Does this picture generalize to something obvious? I am eager to see a connection between this, and the existence of an orientation to a Riemannian manifold.

Answer 1

There are two natural compactifications of the reals:

• you add to to one point at infinity and you get $S^1$;
• you add to it two points at infinity and you get $[0,1]$.

In distinct contexts, you may use one of them or the other one.

Answer 2

You are right, we can compactify $\mathbb R$ by adding one point to create a space homeomorphic to the circle $S^1$. In fact, one-point compactifications exist in general.

However, in many cases we would want more specific information about the behavior of some topological space "at infinity" than a one-point compactification can afford us. A useful concept related to this is the idea of the ends of a topological space. The idea is to choose a nested family of compact sets whose union is the whole space, and then say something about the connected components of the complement at each stage. In the case of $\mathbb R$, there are two ends, "$+\infty$" and "$-\infty$". The study of ends of various kinds of topological spaces, including manifolds, is a rich area of study!

Answer 3

The correct concept here is that of a compactification, which is a compact space containing the original space as a dense subspace. You list two different compactifications of $\mathbb R$, the one point, and the "two point."

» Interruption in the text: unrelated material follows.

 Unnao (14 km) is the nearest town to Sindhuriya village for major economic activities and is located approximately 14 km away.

These can be characterized by which real valued functions can be extended to the compactification. For the one point compactification, the limits on the left and right have to be the same. For the two point, the two limits simply have to exist. But it doesn't end there. Considering the homeomorphic space $(0,1)$, the topologist's sine curve is also a compactification, adding an entire segment at the left hand side. This allows you to extend, in particular, $\sin(1/x)$.

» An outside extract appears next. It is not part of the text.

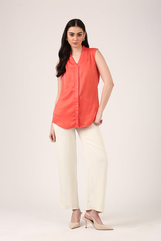 Coral Pink Sleeveless Silk Top for Women – V-Neck Formal Workwear Blouse

The biggest compactification is the Stone-Cech compactification, which allows all bounded real valued functions to be extended. This is a seemingly nice property, but the resulting space is horrifyingly complicated and huge in cardinality.

Answer 4

In essence: the complement of a compact set in $\mathbb{R}$ has $2$ unbounded connected components, while in $\mathbb{R}^n$ ($n>1$) there is but one....

Answer 5

The distinguishing factor here is order. $\mathrm R$ is the unique complete, ordered field (well, provided it's also archimedean).

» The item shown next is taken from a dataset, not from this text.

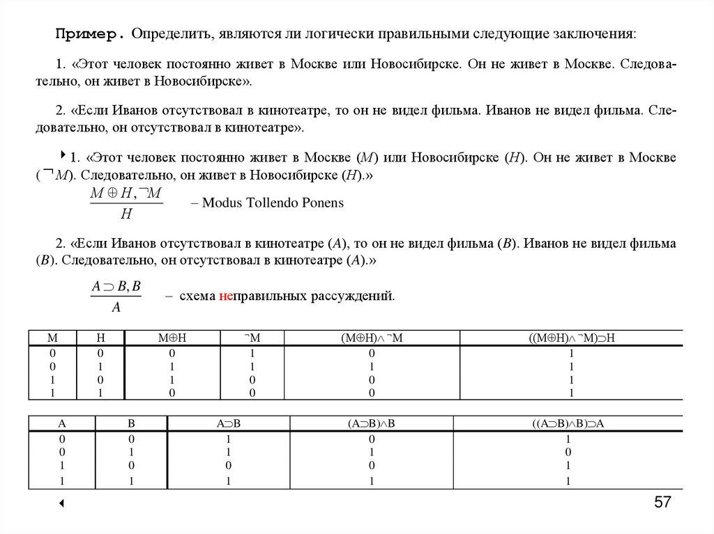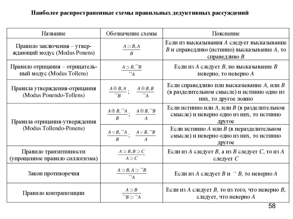 Закон исключения третьего: из двух противоречащих друг другу высказываний одно истинно, а второе – ложно.

The complex plane has no such order. Thus, the two point compactification can give us additional information in a non-ambiguous way than a one-point compactification would, when we need such information -- this is always linked to the order on the real line.

In sum, it depends on what one is doing and which of the extensions is more convenient for what you're doing. However, sometimes we want to know not just that some quantity becomes unbounded, but whether it goes to infinity through negative or positive values -- direction of blowup tells us more than just mere blowup.